(2)志井(L2)

この地域は断層活動により生じたと推定される地形の段差が明瞭に見られる地域であり、電気探査もこの段差を横切るような測線で行われた。L2−1測線では、測点(電極番号)45〜65の間に40Ωm以下の低比抵抗領域が見られる。測点40〜55の区間に掘削されたトレンチでの観察によると(Y参照)、断層が測点48付近で発見され、その東側に変質を受けている断層の破砕帯が広がっていることが明らかになった。その結果から考えると、この低比抵抗領域は破砕帯に伴う変質帯に相当し、その幅は20m程度であると推定される。

測点45より東および測点65より西側では、地層はほぼ水平に分布し、東側では、深度0−2,3mは30Ωm以下の低比抵抗層、その下には、60Ωm以上の高比抵抗層が分布する。西側では深度0−1,2mは30Ωm以下の低比抵抗層、その下には、60Ωm以上の高比抵抗層が分布する。この高比抵抗層はトレンチでの観察によると礫層に対応している。断層を挟んでその高比抵抗層の上面深度に1〜2m程度の差が見られる。

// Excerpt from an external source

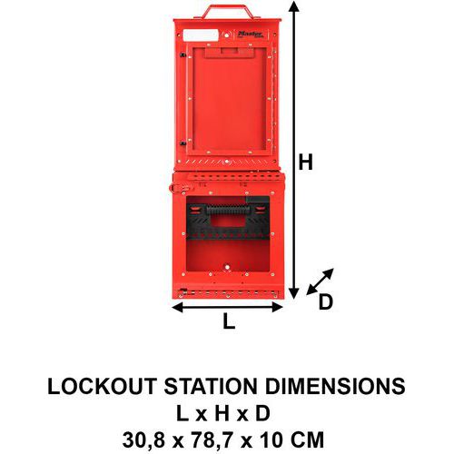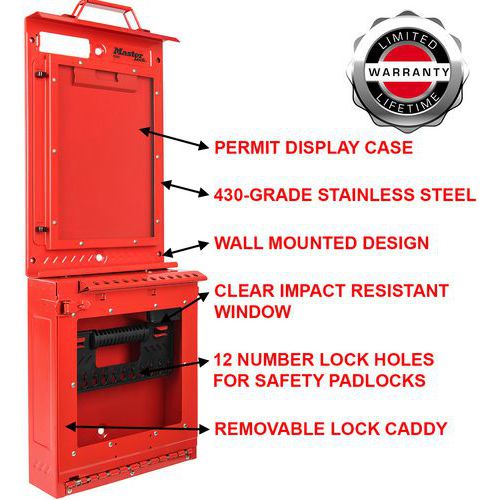De groepsvergrendelingsbox bevat een caddy voor 12 hangsloten, een verwijderbare slothouder en 12 externe gaten voor persoonlijke hangsloten, plus één voor een controlehangslot.

これは、断層の活動に伴い生じた礫層の垂直変位であると考えられる。

このような比抵抗分布の特徴は、測線L2−2においてもほとんど同様に見られる。測点47〜68に見られる、変質帯に対応すると推定される低比抵抗領域の幅もほぼ同じであり、この変質帯は断層に沿って一様に続いている可能性がある。また、変質帯の両側に見られる高比抵抗層も東側と西側ではその上面深度が1〜2m異なり、それに相当する礫層の変位も同じと考えられる。測線L2−1では、測線の東端部では高比抵抗層が薄くなる傾向が見られたが、測線L2−2では、東端部に明瞭な低比抵抗構造が見られる。従って、東端部の地層分布は両測線間で異なる可能性がある。